Companies like Showa Denko and Santoku of Japan and Intematix of the United States are adding factory capacity in China this year instead of elsewhere because they need access to the scarce metals, known as rare earths.
“We saw the writing on the wall — we simply bought the equipment and ramped up in China to begin with,” said Mike Pugh, director of worldwide operations for Intematix, who said the company would have preferred to build its new factory near its Fremont, Calif., headquarters.
While seemingly obscure, China’s policy on rare earths appears to be directed by Prime Minister Wen Jiabao himself, according to Chinese officials and documents. Mr. Wen, a geologist who studied rare earths at graduate school in Beijing in the 1960s, has led at least two in-depth reviews of rare earths this year at the State Council, China’s cabinet. During a visit to Europe last autumn, he said that little happened on rare earth policy without him.
China’s tactics on rare earths probably violate global trade rules, according to governments and business groups around the world.
A panel of the World Trade Organization, the main arbiter of international trade disputes, found last month that China had broken the rules when it used virtually identical tactics to restrict access to other important industrial minerals. China’s commerce ministry announced on Wednesday that it would appeal the ruling.
No formal case has yet been brought concerning rare earths because officials from affected countries are waiting to see the final resolution of the other case, which has already lasted more than two years.
Karel De Gucht, the European Union’s trade commissioner, cited the industrial minerals decision in declaring last month that, “in the light of this result, China should ensure free and fair access to rare earth supplies.”
Shen Danyang, a spokesman for the commerce ministry, reiterated at a news conference on Wednesday in Beijing that China believed that its mineral export policies complied with W.T.O. rules.
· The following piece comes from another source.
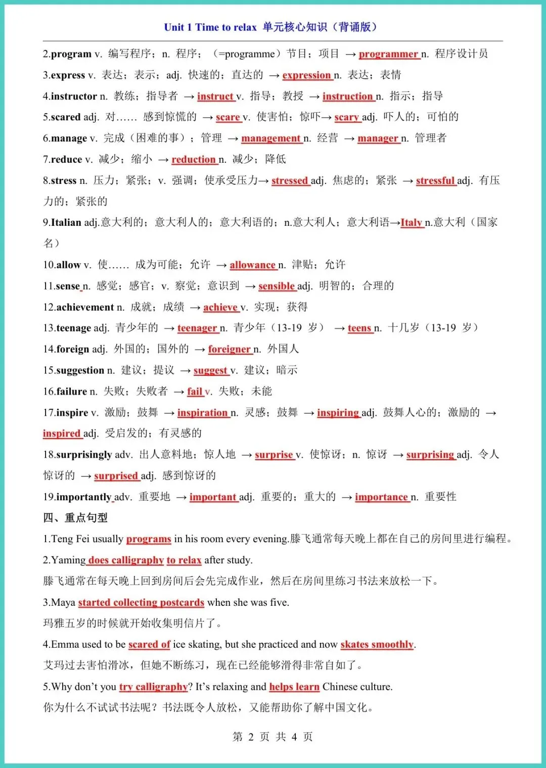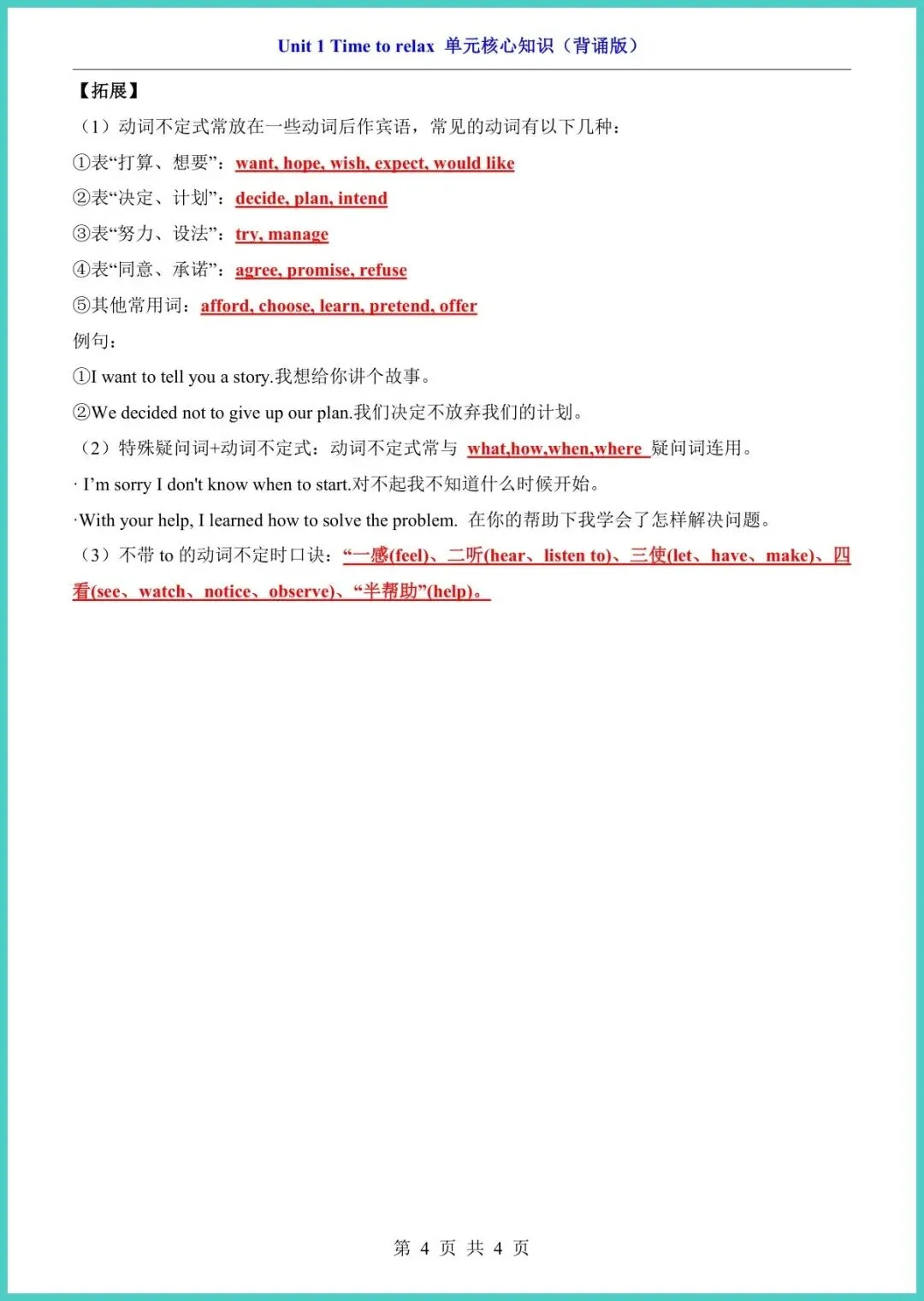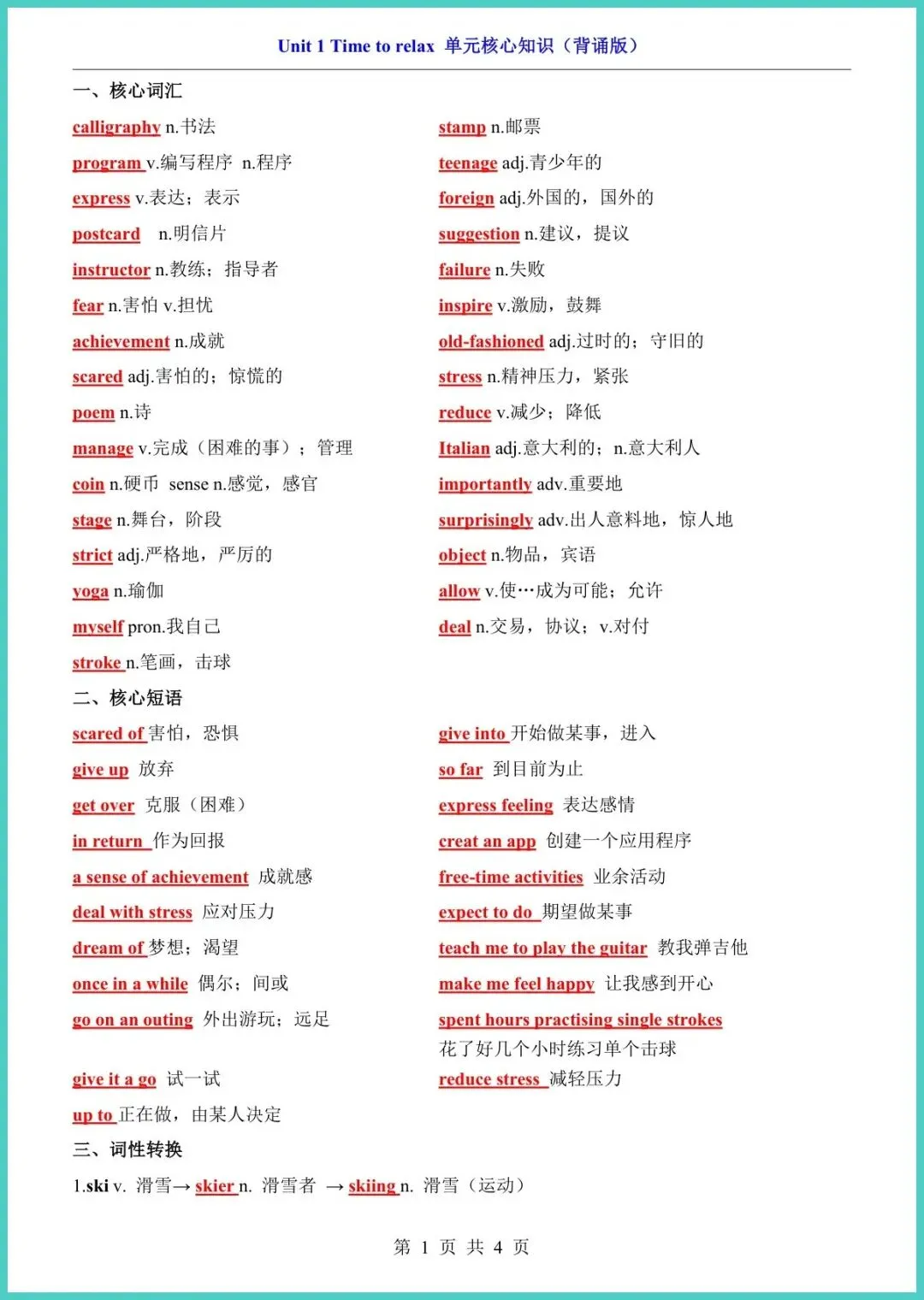 2026春人教版八年级下册英语Unit1核心知识,4页精华电子版新鲜出炉!这份小册子把重点单词、短语、语法点、易错警示一网打尽,配思维导图表格速记,孩子晨读5分钟就能背牢关键词,晚练10分钟语法填空正确率嗖嗖涨。期中考前翻一遍,作文套句、完形高频词全有,提分看得见!想让孩子开学就领跑的家长,速速打印贴墙,每天练一点,英语自信说!

China’s legal position, outlined in W.T.O. filings, is that its policies qualify for an exception to international trade rules that allows countries to limit exports for environmental protection and to conserve scarce supplies.
But the W.T.O. panel has already rejected this argument for the other industrial minerals, on the grounds that China was only curbing exports and not limiting supplies available for use inside the country. ........."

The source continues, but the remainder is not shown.